CREATOR Arduino module (CREATino)

CREATino allows the user to add custom Arduino libraries to their programs.

[!IMPORTANT] This library only works with the ESP32 gateway and the supported ESP32 boards. You must set up the gateway before using this module.

Using CREATino library functions

In the Editor view, go to Library → Load Arduino Library. The available functions will be displayed on the right.

[!TIP] Except the printf function (which is excusive for Espressif Arduino devices) all the functions displayed can be found in Arduino's documentation and in Help → Creatino Help.

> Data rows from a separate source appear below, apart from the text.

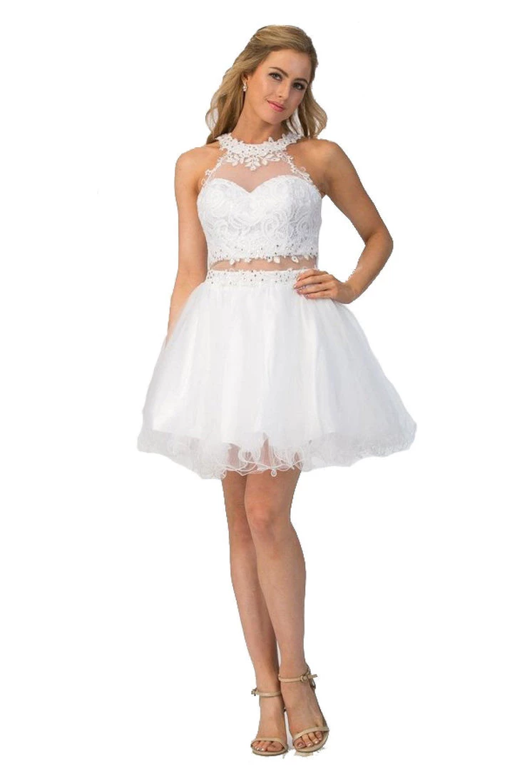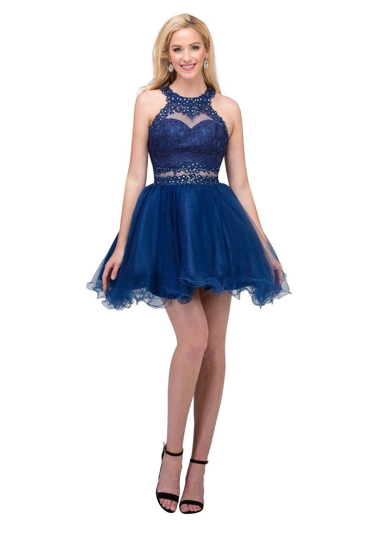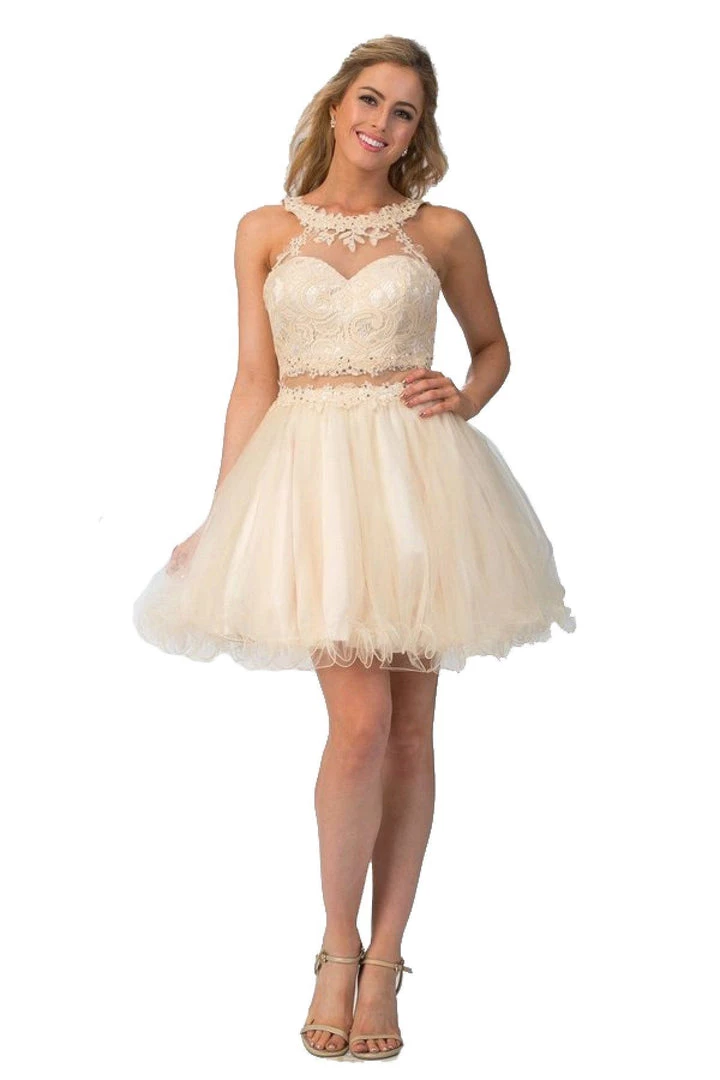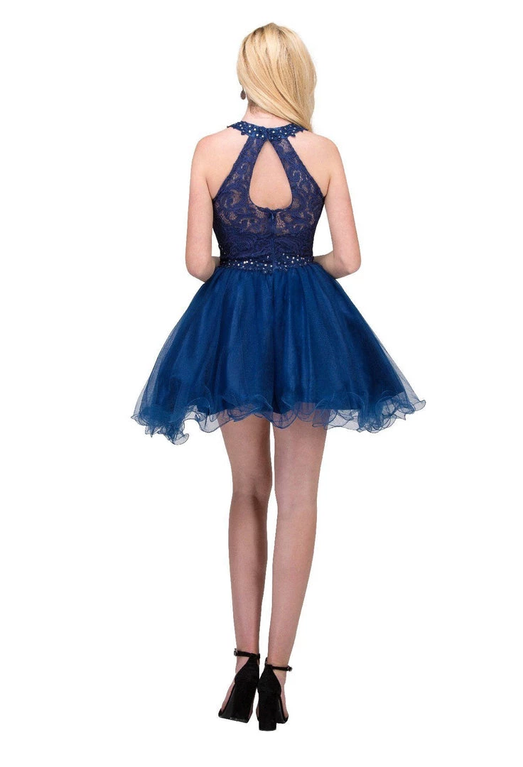 Be the center of attention in this mock two-piece lace cocktail dress with ruffled skirt by Star Box 6417. This beautiful short dress features a high-neck halter lace bodice with a sheer sweetheart neckline, bead embellished sheer waist, flirty open back with cutout, poofy short ruffled skirt with curly hemline, and a zipper closure. Affordably priced at $135, this short party dress is perfect for any formal event and will keep you on budget!
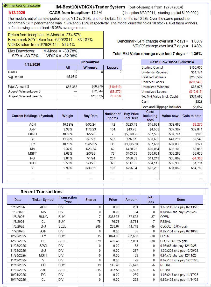 iM-Best10(VDIGX)-Trader: The model’s out of sample performance YTD is 0.6%, and for the last 12 months is 10.6%. Over the same period the benchmark SPY performance was 1.9% and 21.2% respectively. Since inception, on 7/1/2014, the model gained 274.57% while the benchmark SPY gained 331.87% and VDIGX gained 51.54% over the same period. Over the previous week the market value of iM-Best10(VDIGX) gained 1.36% at a time when SPY gained 1.08%. A starting capital of $100,000 at inception on 7/1/2014 would have grown to $374,566 which includes -$528 cash and excludes $5,657 spent on fees and slippage. |
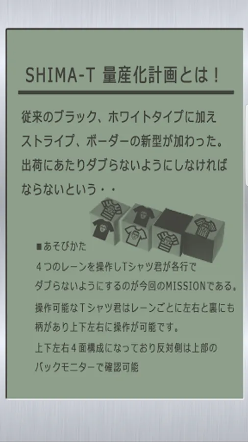 This MISSION is to operate the four lanes and prevent T-shirts from dubbing on each line. The operable Shimazu T-shirt has a pattern on the left, right and back of each lane and can be operated up, down, left and right.

Creating your first program

As in the original Arduino sketches, CREATino programs must have a structure composed by a "setup" and a "loop" function. CREATOR provides an example template in Help → Examples → Example 1: Template for new examples.

[!IMPORTANT] Before executing your program in the device, make sure to select the Arduino Support checkbox to enable CREATino.

Aspects to consider when using this library

1. The supported ESP32 boards do not support have floating point operations. Arduino functions with float or double outputs will fail.

2. Avoid using the following GPIO pins:

   1. GPIO8: BOOT MODE pin. It might show the following error:

      Serial port /dev/ttyUSB0
      Connecting......................................
      
      A fatal error occurred: Failed to connect to ESP32-C3: Wrong boot mode detected (0x0)! The chip needs to be in download mode.
      For troubleshooting steps visit: https://docs.espressif.com/projects/esptool/en/latest/troubleshooting.html
      

   2. GPIO 18 and 19: Debug pins

Examples

Example 1: Internal LED Blink

This example is used to check if GPIO functions work correctly inside a ESP32-C3 board.

Components:

• ESP32-C3-DevKitC-02 board

Step 1: Setup

In the ESP32-C3-DevKitC-02, the internal LED pin corresponds to pin 30, and it must be tagged as output. We use pinMode function for this.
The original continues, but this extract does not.